*** Supplied data Section Begins ***

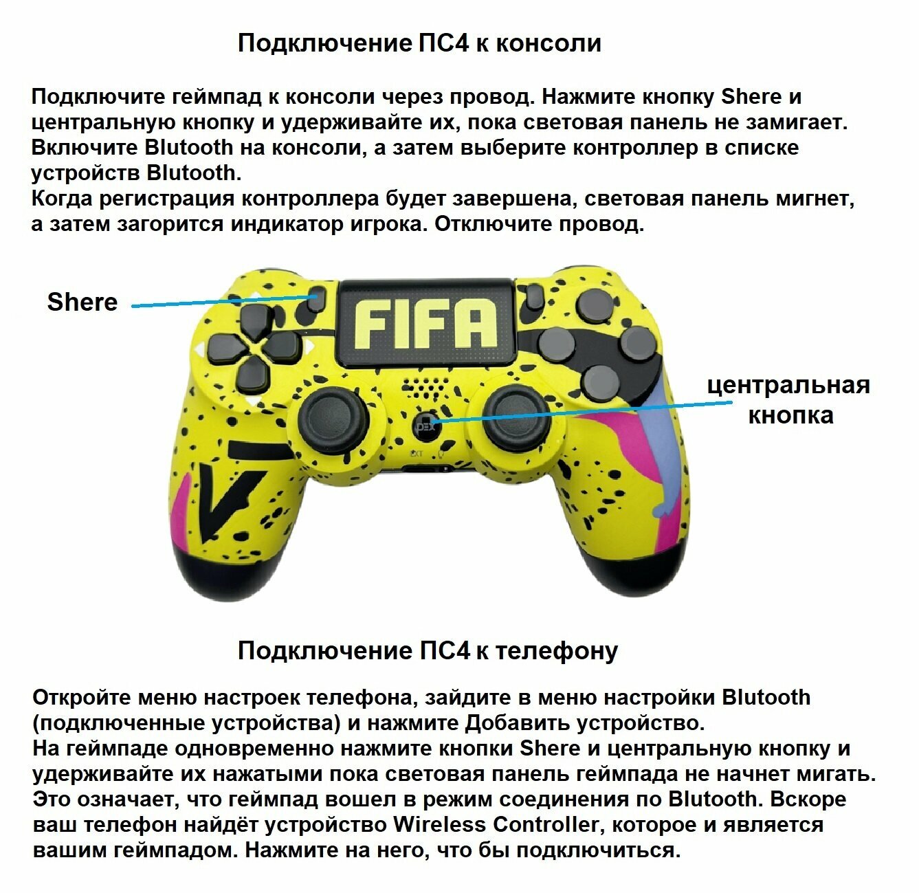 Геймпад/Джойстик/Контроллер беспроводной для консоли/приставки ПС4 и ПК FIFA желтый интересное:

*** Supplied data Section Ends ***
*** Supplied data Section Begins ***

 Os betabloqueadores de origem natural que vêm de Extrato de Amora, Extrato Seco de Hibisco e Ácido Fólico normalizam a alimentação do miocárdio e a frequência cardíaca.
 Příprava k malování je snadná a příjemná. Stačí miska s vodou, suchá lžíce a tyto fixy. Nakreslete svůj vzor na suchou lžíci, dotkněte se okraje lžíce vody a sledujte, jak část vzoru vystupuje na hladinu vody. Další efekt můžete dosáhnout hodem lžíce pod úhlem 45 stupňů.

*** Supplied data Section Ends ***

Retype the entries above exactly, but only from the line containing "Os betabloqueadores de" through the line containing "Příprava k malování", both included.

 Os betabloqueadores de origem natural que vêm de Extrato de Amora, Extrato Seco de Hibisco e Ácido Fólico normalizam a alimentação do miocárdio e a frequência cardíaca.
 Příprava k malování je snadná a příjemná. Stačí miska s vodou, suchá lžíce a tyto fixy. Nakreslete svůj vzor na suchou lžíci, dotkněte se okraje lžíce vody a sledujte, jak část vzoru vystupuje na hladinu vody. Další efekt můžete dosáhnout hodem lžíce pod úhlem 45 stupňů.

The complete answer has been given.